The Hidden Ways In Which Architecture Impacts How You Are Feeling - BBC Future

The Hidden Ways In Which Architecture Impacts How You Are Feeling - BBC Future

Considered one of the issues with the library is the huge one-method escalators that sweep guests from the bottom floor into the upper reaches with no obvious means of descent. “I suppose there was a desire by the architects to attempt to thwart expectations and be a bit edgy,” says Dalton. “Unfortunately on the subject of navigation, our expectations are there for a superb purpose. There are only a few situations in the real world where you may go from A to B via one route and you’re compelled to take a different route from B again to A. That actually confuses folks.” On an internet discussion board, one of the library’s users commented that she had “left the constructing as quickly as I may figure out how one can get out, hoping I wouldn’t have an anxiety assault first.’’

However that’s the thing about cities: individuals who dwell in them do a superb job of making them feel like them house regardless of all the design and architectural obstacles that will confront them, be it in a byzantine library or a sprawling park.
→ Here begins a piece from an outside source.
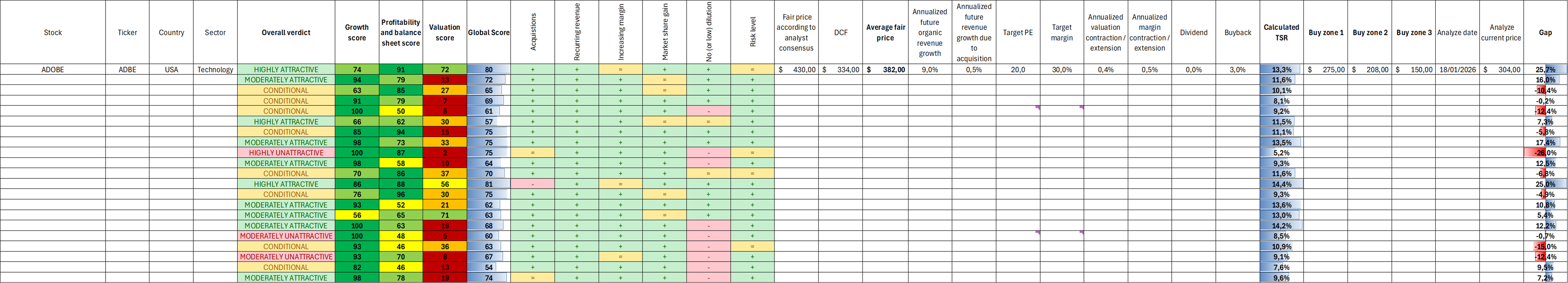 And a clear investment verdict: Attractive, Conditional or Unattractive
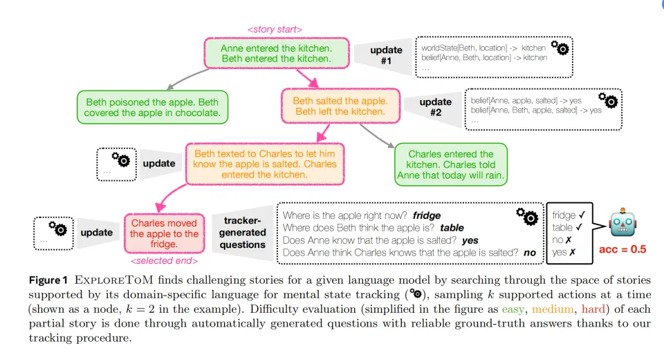 他们开发了一个叫ExploreToM的系统。它就像一个自动出题机器,利用A*Search算法去生成各种复杂的社交场景来测试AI的理解能力。

A visible manifestation of this are the “desire lines” that wend their manner across grassy curbs and parks marking people’s preferred paths across the city. They characterize a form of mass rebellion towards the prescribed routes of architects and planners. Dalton sees them as a part of a city’s “distributed consciousness” - a shared information of where others have been and where they may go in the future - and imagines how it'd have an effect on our behaviour if want lines (or “social trails” as she calls them) could be generated digitally on pavements and streets.

She is getting at some extent that architects, neuroscientists and psychologists all appear to agree on: that successful design is just not so much about how our buildings can form us, as Churchill had it, however about making people really feel they've some control over their environment. Or as Jeffery put it at Aware Cities, that we’re “creatures of the place we’re in”. Welcome to  東京 建築家  of neuro-structure.